His home was one of at least eight damaged by sinkholes Monday, including seven in Plant City.
In Polk, authorities closed County Road 630 near U.S. 27 on Monday morning after the sinkhole swallowed about a dozen trees and a well behind Greenway's house. Three residents of the Southern Pines mobile home park, adjacent to Greenway's property, were evacuated, the Polk County Sheriff's Office said.
Randy Mangrum, the park's property manager, said he got the first call about the sinkhole at 9:30 a.m. By early afternoon, it appeared the worst was over. The cavity stopped just short of Greenway's carport.
"We've seen a few chunks fall since I've been here," Mangrum said. "Nothing major."

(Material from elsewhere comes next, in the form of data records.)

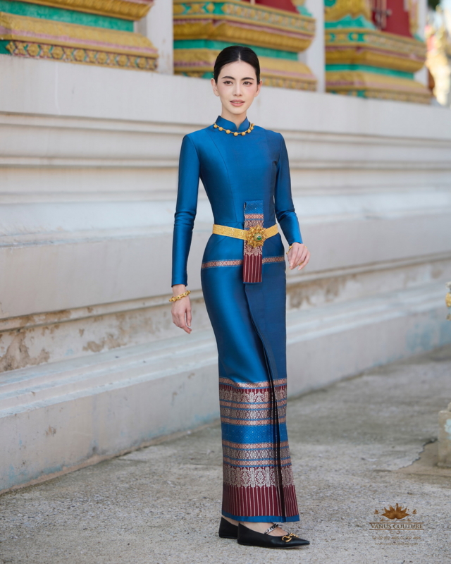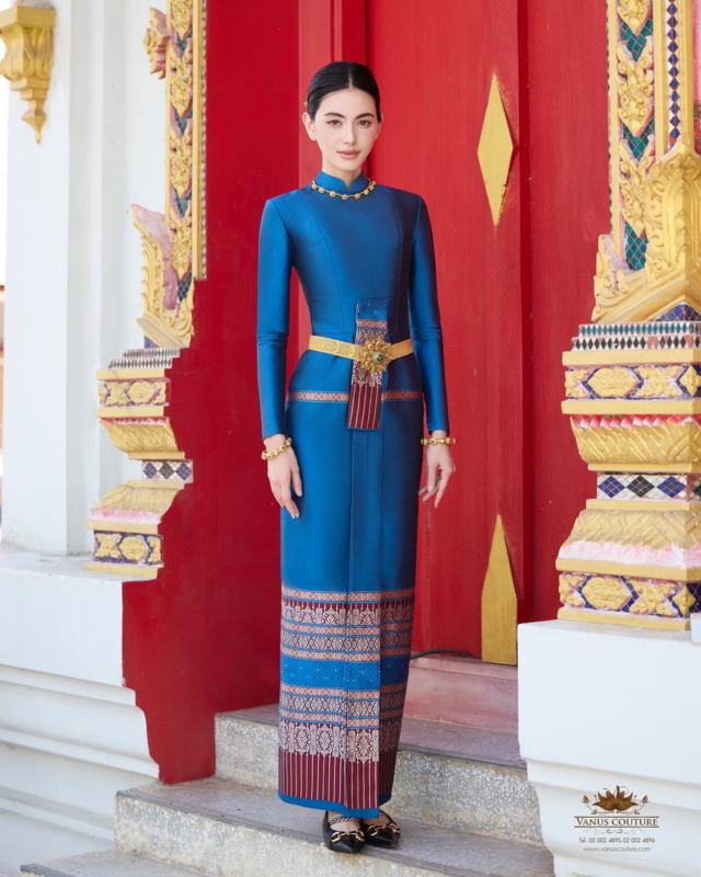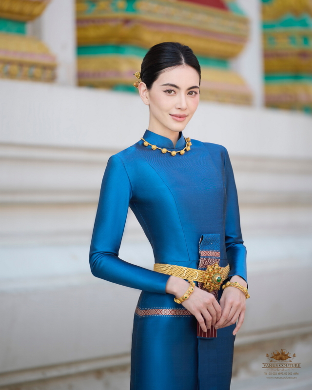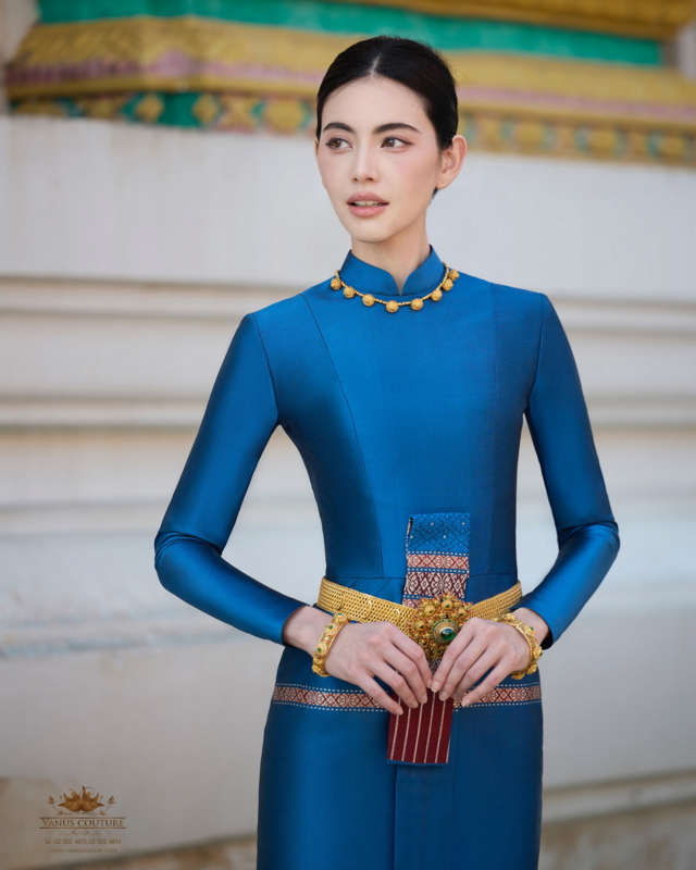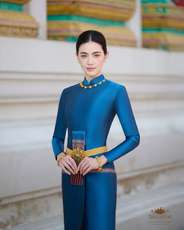 “ผมกับคุณใหม่เห็นพ้องต้องกันว่าควรเลือกใช้ ชุดไทยบรมพิมาน หนึ่งในชุดไทยพระราชนิยม ที่มีความประณีตและงดงามสะกดทุกสายตา ที่ตัดเย็บจาก ผ้าไหมทอมือยกลำพูนสีน้ำเงินคราม ที่สั่งทอขึ้นเป็นพิเศษจากช่างฝีมือชาวไทยเพื่อคุณใหม่โดยเฉพาะ พร้อมประดับด้วย เครื่องทองที่สั่งทำขึ้นเป็นพิเศษจากช่างทองโบราณ เพื่อเสริมเสน่ห์และความอ่อนช้อยในทุกมิติ ชุดไทยบรมพิมานนี้ไม่เพียงแต่แสดงถึงความงามของวัฒนธรรมไทย แต่ยังสะท้อนถึงจิตใจที่งดงามของผู้สวมใส่ในโอกาสพิเศษแห่งการทำบุญอีกด้วยครับ”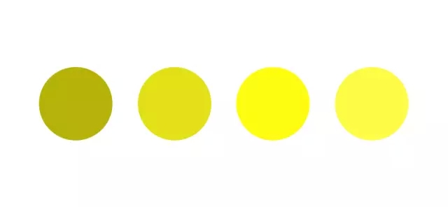 泛綠的黃色偏冷,給人感覺冷漠。在原黃中加入白色和黑色的話,黃色本身的明亮的光感和暖意就會(huì)消失,變成偏冷的色彩。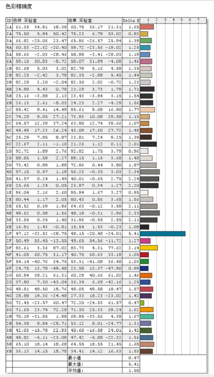 最后在色彩精准度方面,色差最大5.41,最小0.47,平均 ΔE为1.58,整体色彩准确性还是不错的,而且这还是一款2K分辨率165Hz高刷新的游戏本的色准表现哦。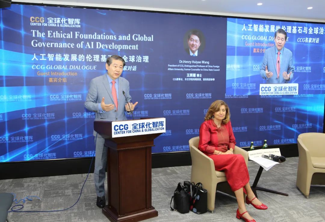 活動伊始,CCG理事長、國務院原參事王輝耀博士表示,很榮幸在CCG歡迎聯合國教科文組織助理總幹事拉莫斯女士。她具備豐富的國際組織經驗,長期致力於推動包容社會、科技倫理和性別平等,尤其在AI倫理治理方面成果卓著。王輝耀還指出,此次活動為“CCG全球名家對話系列”一部分,該系列已連續舉辦五年,匯聚世界政要、專家學者和智庫領袖,致力於推動全球思想交流與合作。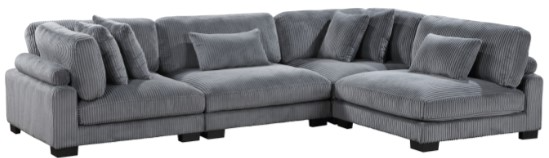 Configurable to your available space, the Traverse Collection allows for the addition and detachment of pieces for a customized seating experience. The 4-piece sectional configuration consists of two corner units paired with two armless chairs. The gray corduroy fabric upholstery creates a plush expanse for a soft touch experience.Read More
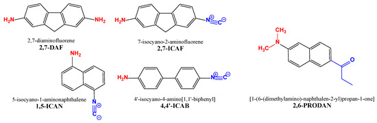 The isocyano-aminoarene-type push–pull fluorophores (2,7-ICAF, 1,5-ICAN and 4-4′-ICAB), the starting material (2,7-DAF) and a commercially available dye (2,6-PRODAN) for comparison.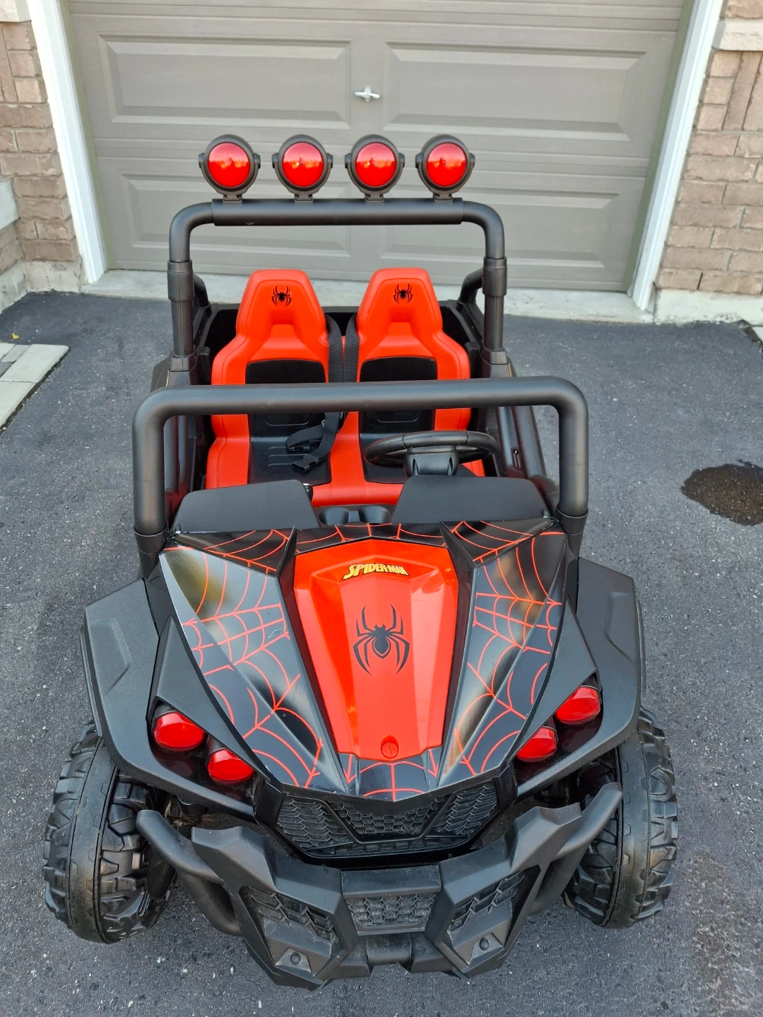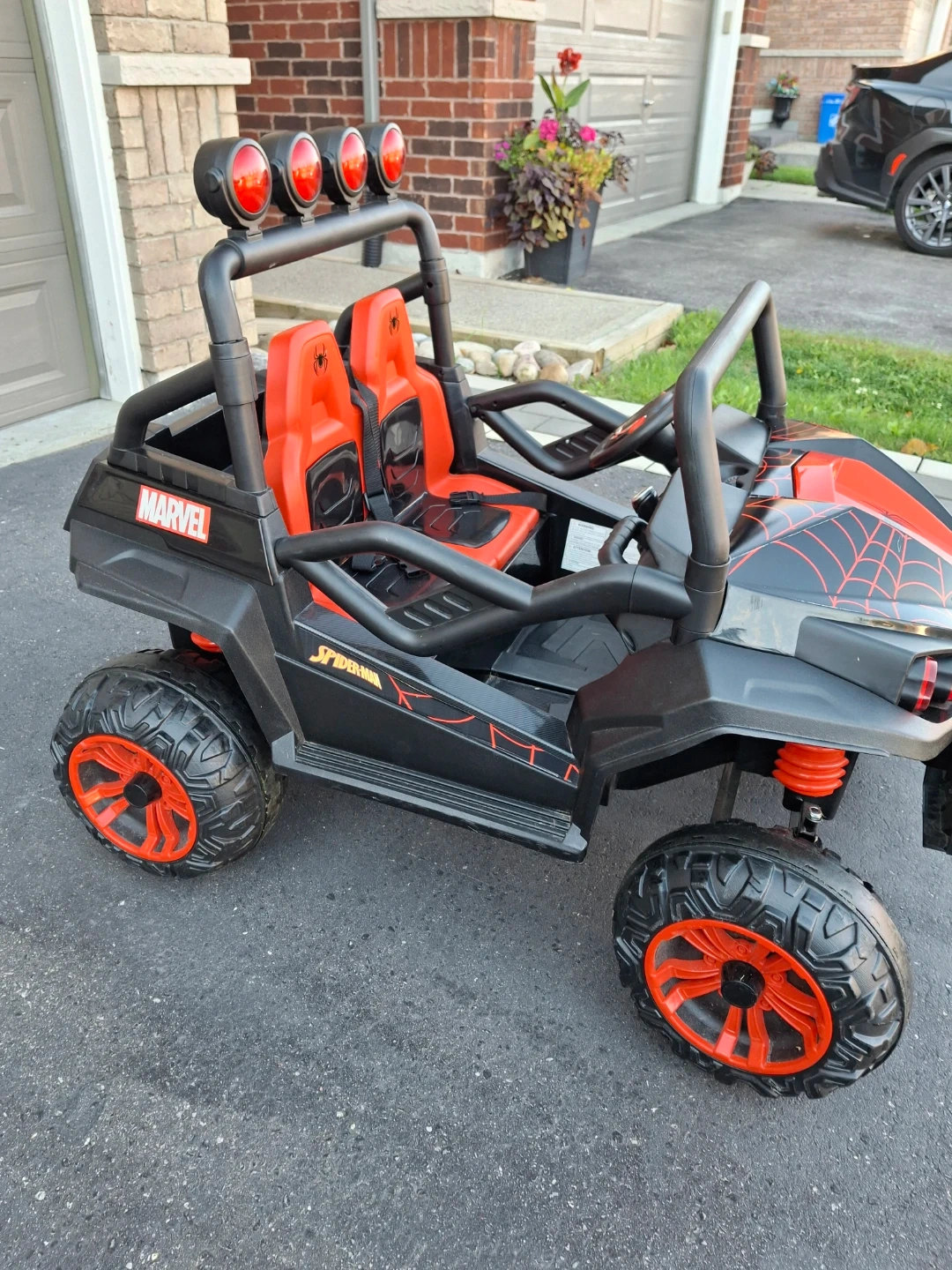 This Spider-Man ride-on toy car features a dual-seat design and a vibrant red and black colour scheme with web accents. It has a sturdy build with large off-road wheels and a roll bar with headlights. Includes seat belts for safety. Great for outdoor adventures!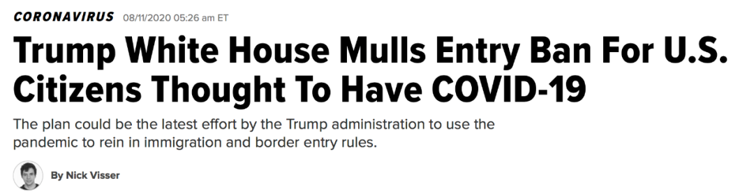 根据特朗普的这份提案,若是美国人在别的国家感染新冠病毒则无法入境美国。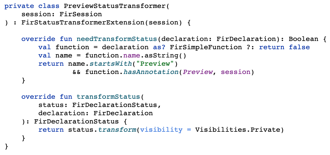 - Можно генерировать и изменять декларации. Без проблем поменять модификатор доступа переменной по какому-то правилу. Например, если у функции название начинается с Preview, и она содержит @Preview аннотацию, то можно сделать такую функцию приватной даже если этот модификатор не указан. Кроме того, сгенерированный модификатор потом уйдет на backend, в котором задача по изменениях модификатора доступа не такая простая, как может показаться.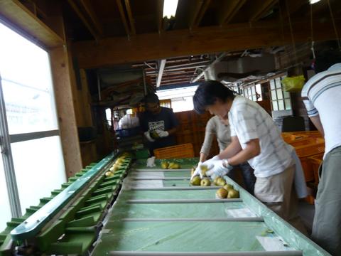 選果機に合わせて仕分ける作業はフレンドパークの アトラクションのような体力&スリルが味わえます。 |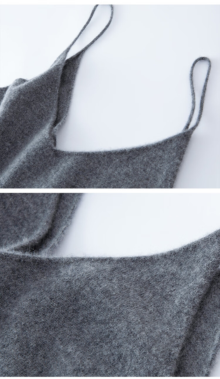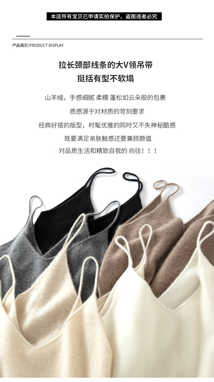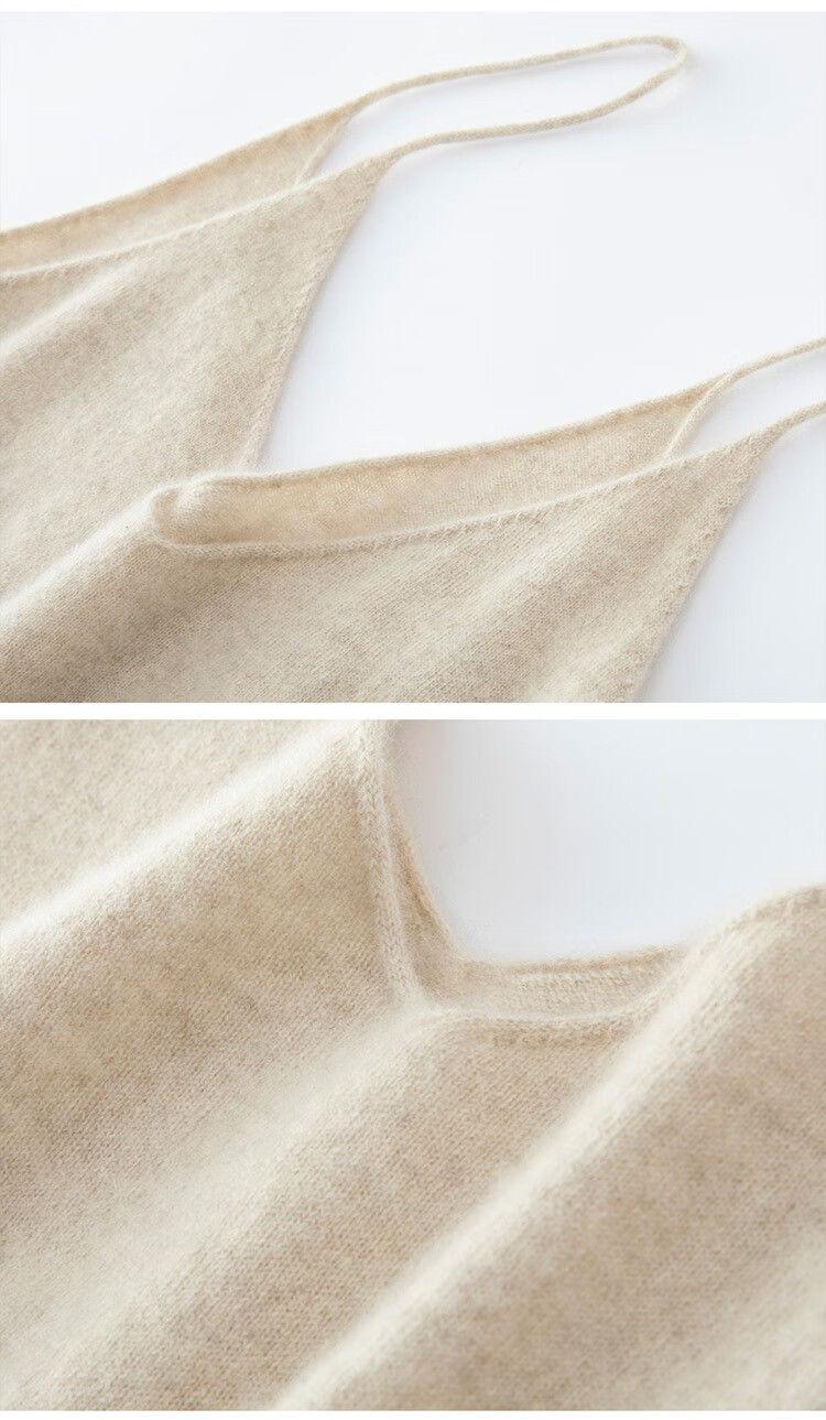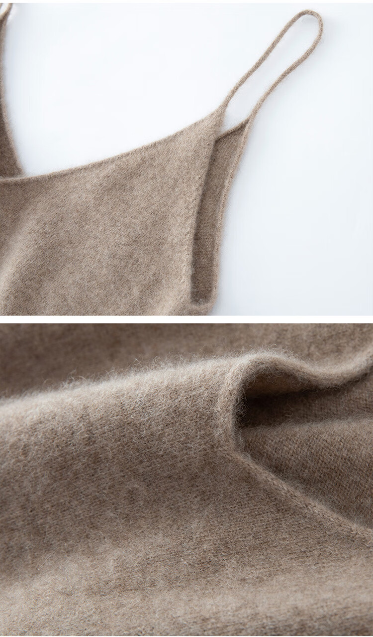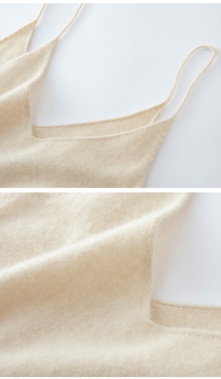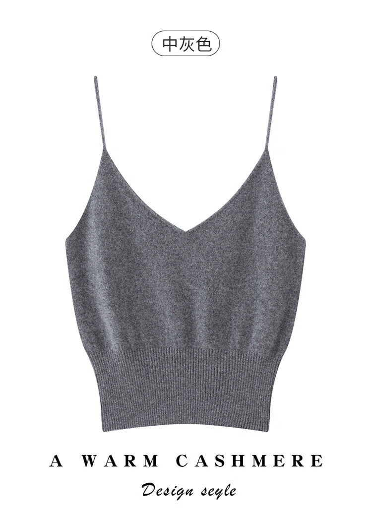 Autumn and winter cashmere knitted tube top women's V-neck spaghetti straps solid color sleeveless inner bottoming shirt suspenders white M

The Southwest Florida Water Management District will monitor and take measurements to see if the sinkhole is growing. The cause of the cavity is under investigation. Polk deputies will remain in the area directing traffic on C.R. 630 until the district determines the surrounding area is no longer threatened by the sinkhole, sheriff's spokeswoman Carrie Eleazer said.
The American Red Cross provided relief for affected residents. Greenway, 29, said his friends helped him move furniture and items of sentimental value into a storage trailer. He said he is comforting his father, Bobby Greenway, 72, who also lives in the house.
"My dad was in a very big panic," Cory Greenway said. "He was not doing good. This is his home for 40 years."
In Plant City, Nancy Regan was forced to flee from her home in Oakbrook Mobile Home Park near State Road 574 and Turkey Creek Road about 10 a.m. Monday.
Regan said she was working on her computer when she heard a noise and one of her dogs starting barking. She assumed her boyfriend, Rick Crabtree, a carpenter, was doing some work at first.
"I thought Rick was working in the house but then a neighbor banged on the door and screamed to get out," Regan said.
The door wouldn't open and Regan handed her two dogs out a window to a neighbor, Edgar Mansilla, who then helped the woman crawl out of the window.
Her mobile home was left tilting into a 6-foot slope created by the sinkhole. Residences on either side of the home on Oakwood Lane were threatened by the cavity.
Another sinkhole opened up at about 9 a.m. in the Walden Lake subdivision off Sandalwood Drive in Plant City. A resident noticed creaking sounds and saw the ground around the home was sinking, separating the foundation, walls and roofing. The neighbor's house also shifted 3 to 6 inches, severing the underground water lines and cracking the foundation.
By later afternoon, sinkholes were popping up seemingly everywhere in Plant City.
The largest is at Lone Oak Road east of Turkey Creek Road. It has closed Lone Oak and created a circular, water-filled sinkhole 35 feet across in front of 3201 Lone Oak Road.
And on W. Trapnell Road just east of Drawdy Road, a dry sinkhole collapsed a portion of a wrought iron fence and depressed the ground about five or six feet at the corner of the private property. Heavy equipment is being brought in to attempt to seal the sinkhole.
Two smaller sinkholes and an indication of a third have developed in the a housing development called Magnolia Green, west of Drawdy Road, off W. Trapnell Road.